1994; Dobrikova et al. 2003); these bands are also associated with long tails outside the principal absorbance bands, which originate
from differential scattering of the left and right circularly Crenigacestat concentration polarized light (Garab 1996). Ψ-type bands correlate with the macro-organization of the main Chl a/b light selleck inhibitor harvesting complexes, e.g., in LHCII-only domains, as indicated by correlations between the intensity of these bands and the LHCII-content of the sample (e.g., Garab et al. 1991; Garab and Mustárdy 1999). The arrays of PSII-supercomplexes might also contribute to the Ψ-type CD signal.

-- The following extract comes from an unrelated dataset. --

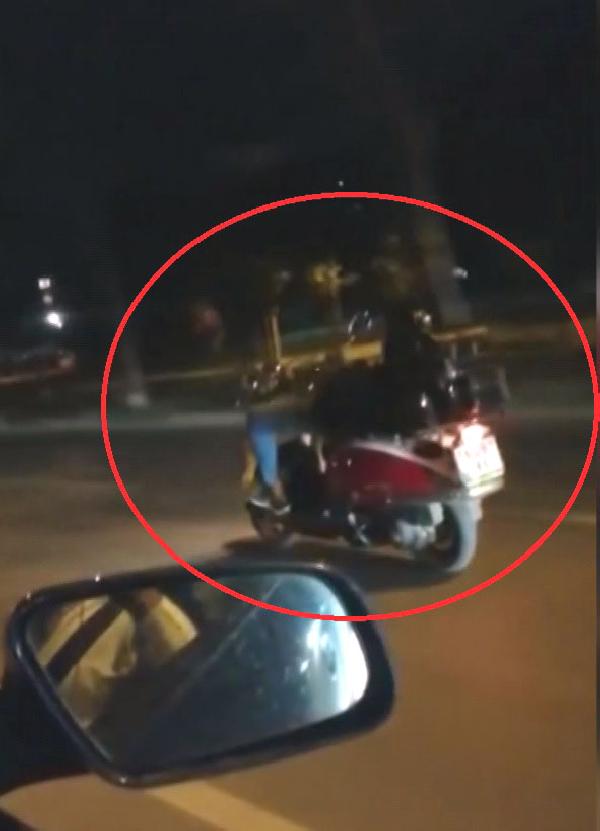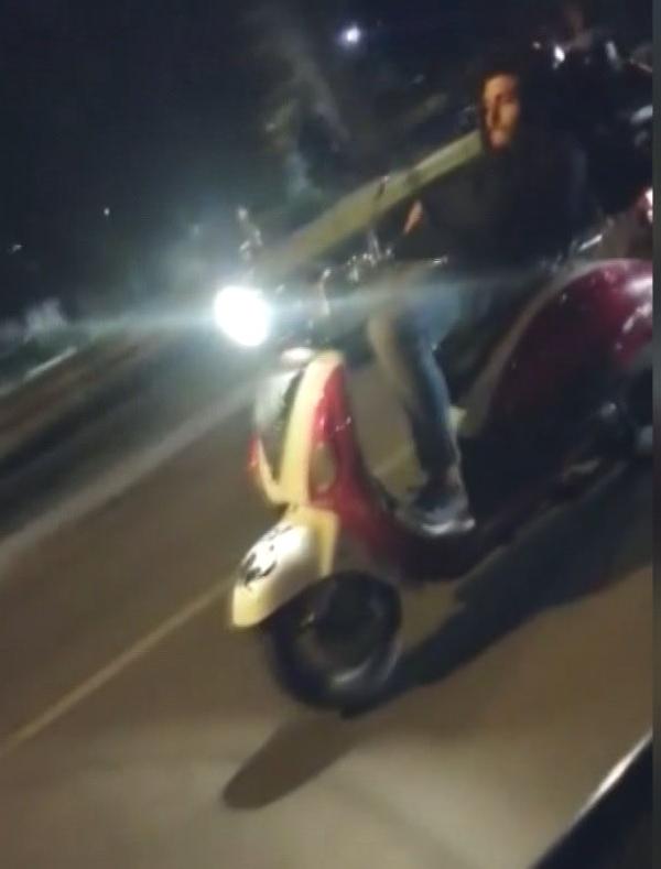 Cep telefonu kamerasıyla kaydedilen görüntülerde, sürücü seyir halindeki motosikletin sele kısmına sırtüstü yatmış halde görülüyor.

For example, in a mutant lacking one of the minor light-harvesting complexes, namely, CP24, the macro-organization of the PSII-supercomplexes is modified
as compared to WT. This results in the loss Selleck Nutlin3a of the main Ψ-type band in the red at around (+)690 nm (Kovács et al. 2006). The intensities of the Ψ-type CD bands between 660 and 700 (Fig. 1a) differ for WT and dgd1 thylakoids. These CD signals are shown to be determined by the long-range organization of the pigment–protein complexes, in particular LHCII (e.g., Garab et al. 1991; Garab and Mustárdy 1999) and PSII-supercomplexes (Kovács et al. 2006). Thus, the reduced intensity of the main Ψ-type CD bands (CD(685–703) and CD(685–671)) in the mutant (Fig. 1a) might either be due to a smaller size of the chiral macrodomains or to a different organization of the complexes affecting the learn more pigment–pigment
interactions. It should be noted that DGDG has been found to be required for the formation of ordered 3D crystals of LHCII (Nuβberger et al. 1993). Hence, our CD data strongly suggest that also in vivo in the thylakoid membranes DGDG modulates the macroorganization of the main light-harvesting complexes of PSII. As shown by Chl fluorescence lifetime measurements, alterations in the macroorganization in dgd1 affected only marginally the energy migration and trapping (Figs. 3, 4). The mutant exhibited a somewhat longer average Chl a fluorescence lifetime (Figs. 3f, 4). The assignment of the fluorescence lifetimes to particular protein complexes or macroassemblies is a rather complicated task for intact chloroplasts and isolated thylakoids, where a large variety of complexes and supercomplexes co-exist. For example, most studies on whole chloroplasts and intact thylakoid membranes suggested average values for the trapping time in PSII between ~300 and ~500 ps (e.g., Roelofs et al. 1992; Gilmore et al. 1996; Vasile’v et al. 1998). A very detailed study of the fluorescence kinetics of thylakoid membranes with varying composition was recently performed, using different combinations of excitation and detection wavelengths to assign the various lifetimes to PSI and PSII but this is not a trivial task (van Oort et al. 2010).